My jaw ticks. “Waiting for what?”
“Whatever we decide.” Lars focuses on Zara. “Whatever you decide.”
Zara’s fingers twitch in mine, her gaze turning distant for a second. I feel the subtle shift in her—the weight of that name always hits her somewhere deeper than she’ll admit.
I look at Lars. “I hope he’s ready to wait for a while. No one is to touch him until Zara is well. I want him well fed, shit put a TV in there with him for all I care. But he stays in good condition until Zara says otherwise.”
Lars looks at Zara. “You let me know when you’re ready.”
“Thank you, Lars.” Her eyes move from my cousin back to me. “There’s something else,” she says quietly.
I glance at her.
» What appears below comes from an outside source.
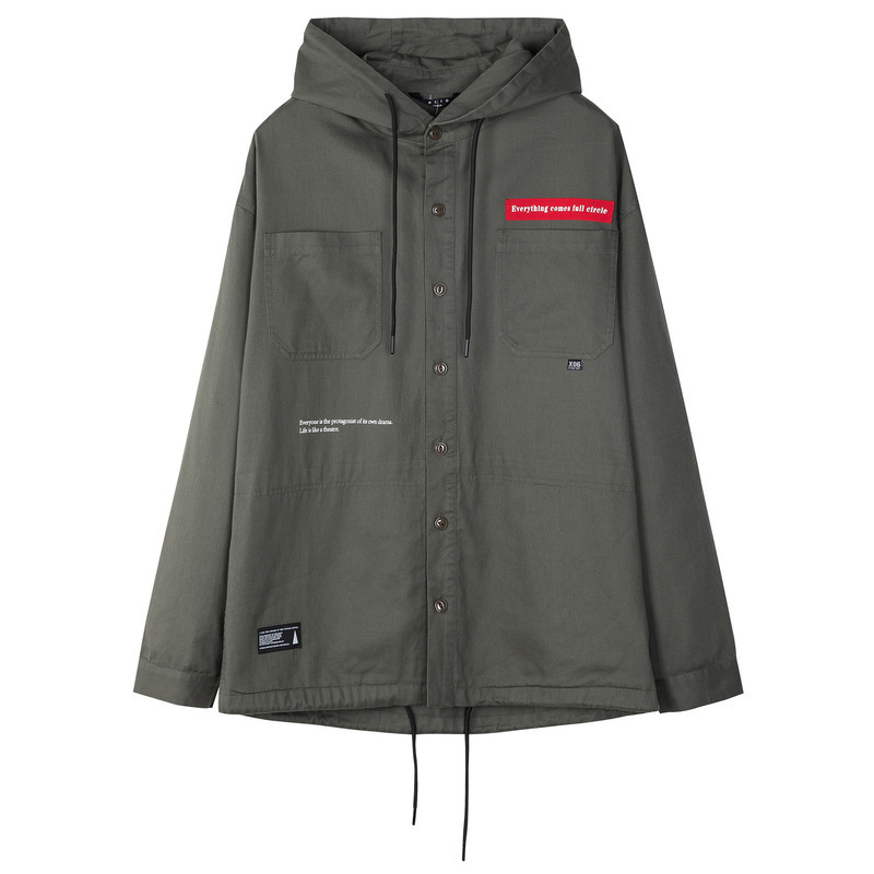 唐狮秋季工装衬衫男长袖连帽oversize韩版宽松学生衬衣外套潮

Her lips parted like she’s still deciding whether to speak.
“Zara?” I press.
She looks deep in my eyes and then says, “I need your help finding someone.”
That gets everyone’s attention.
“Who?” I ask, immediately alert.
Zara swallows. “My sister.”
My blood stills.
“You…have a sister?”
“Half-sister,” she says, voice even. “My father had an affair when I was little. Fuck, he had a lot of affairs, but she was the one child that we knew existed. She was just a couple years younger than me. Her mom took her and moved away after it all came out within the Syndicate, and we lost touch. But we were close. Like secret forts and matching bracelets kind of close. I would like to find her.”
I stare at her, heart beginning to pound—not with fear, but that sharp instinct that never leaves me. The one that knows when something new just entered the playing board.
Lars leans forward. “Does Lachlan know where she is?”
Zara shakes her head. “I don’t think so. I don’t even know if he cared. Her mom kept her far away from him after they left. No contact. No photos. Just gone.”
My jaw tightens, every protective instinct in my body waking up all over again.
“Another Kavanagh,” I say, eyes narrowing.
Zara nods. “Maybe. But she’s not like him.”
“She still has his blood.”
“I have that same blood too.”
Her words are quiet, but they land like a goddamn anchor in the center of my chest.
“I want to find her,” she says. “I need to.”
I nod once, hand tightening around hers. “I’ll find her, baby. I swear.”
But in the back of my mind, one thought spirals through the fog—another Kavanagh. Unaccounted for.
And I have no idea whose side she’ll be on when we find her.